Une soirée estivale typique de juin – mon collègue et moi décidons de sortir à un 5 à 7 trop longtemps repoussé dans l’un des restaurants effervescents et une pointe artsy de Griffintown. En marchant le long de Notre-Dame, je suggère Grinder. Il est d’accord. Mais pas l’hôtesse à l’accueil.
Une réservation ? « Je n’en ai pas, mais nous sommes seulement deux… Pensez-vous pouvoir nous dégoter une petite place sur la terrasse ? » dis-je, en pointant du doigt l’espace convoité. Elle grimace aussitôt. « Surtout pas la terrasse. Ça va jusqu’à 10h ce soir. »
Déçus, nous nous éloignons, guidés cependant par nos sens qui nous attirent vers une petite foule inhabituelle et la fragrance incomparable du BBQ, qui envahit agréablement la rue soudainement. Que se passe-t-il par-là ? La Boucherie Grinder célèbre son ouverture !

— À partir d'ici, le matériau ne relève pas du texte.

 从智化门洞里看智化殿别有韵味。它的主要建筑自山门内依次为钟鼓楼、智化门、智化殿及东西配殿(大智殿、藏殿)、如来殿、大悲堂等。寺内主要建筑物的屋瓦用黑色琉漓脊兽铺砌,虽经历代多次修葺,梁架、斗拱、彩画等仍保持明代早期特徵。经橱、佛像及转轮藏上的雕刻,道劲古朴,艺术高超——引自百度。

Nous nous approchons de la table tant bien que mal, nous faufilant à travers une marée de jeunes professionnels qui rient, boivent et savourent la viande. La serveuse nous invite à goûter les grillades tout droit sorties du barbecue, en recommandant particulièrement le filet mignon, et nous demande si nous voulons du vin rouge ou blanc. Rouge s’il vous plaît !

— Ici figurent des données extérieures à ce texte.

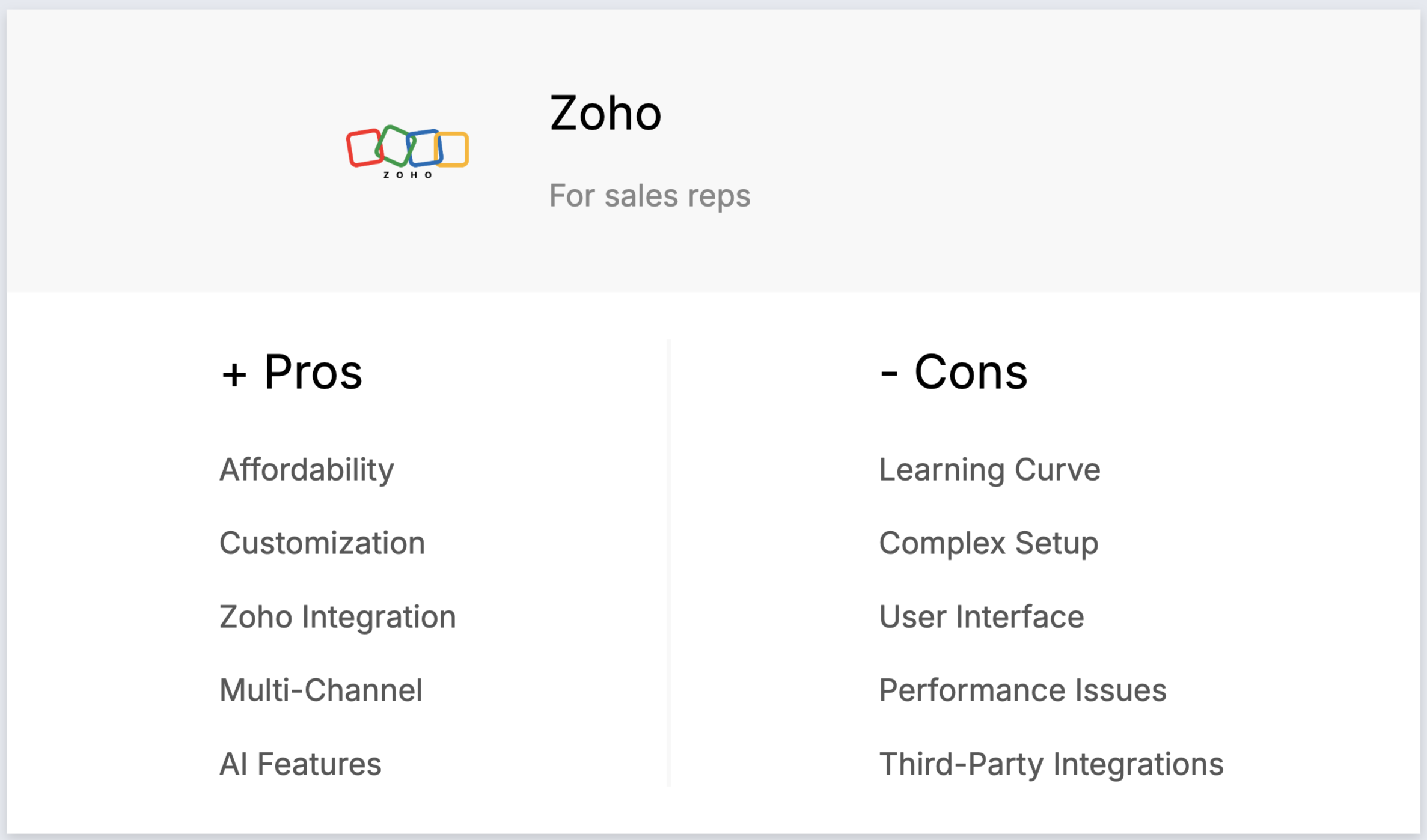 - AI Assistant (Zia): Provides analytics and task suggestions for medium teams, though capabilities are limited compared to specialized sales AI tools.

Saisissant mon portefeuille, je m’informe alors de combien nous lui devons pour les consommations. C’est la maison qui paie, nous répond-elle en souriant. Je lui laisse tout de même un pourboire proportionnel au coût du vin. À en juger par le bol qui déborde à ras bord, tout le monde a également eu le même réflexe.
Nous buvons, nous mangeons, et découvrons un design intérieur magnifique, avec de majestueuses pièces de viande âgées à point suspendues, aguichantes à travers la paroi de verre qui nous en séparent. Nous nous faisons prendre en photo, et dégustons un délicieux bourbon au sirop d’érable vieilli en chêne, gracieuseté de la Distillerie 1769.
La vie est belle.
Nous avions complètement oublié qu’à peine quelques minutes plus tôt, ils n’étaient pas en mesure de nous accommoder. Nous nous sommes fait la promesse de revenir bientôt. Grinder a compris un élément crucial du marketing. Ils ont créé une expérience pour les passants et leur ont offert de la valeur, ne s’attendant à rien d’autre en retour que leur satisfaction. Pas de concours, pas de mots-clics, pas de demande d’aimer la page Facebook. Mais alors, ils sont tout de même arrivés à gagner notre affection cette soirée-là…
Je suis allée visiter leur page Facebook plus tard dans la nuit. Eh bien. Je leur avais déjà donné un like auparavant. Je l’avais oublié.
Mais je n’oublierai définitivement pas cette soirée, par contre.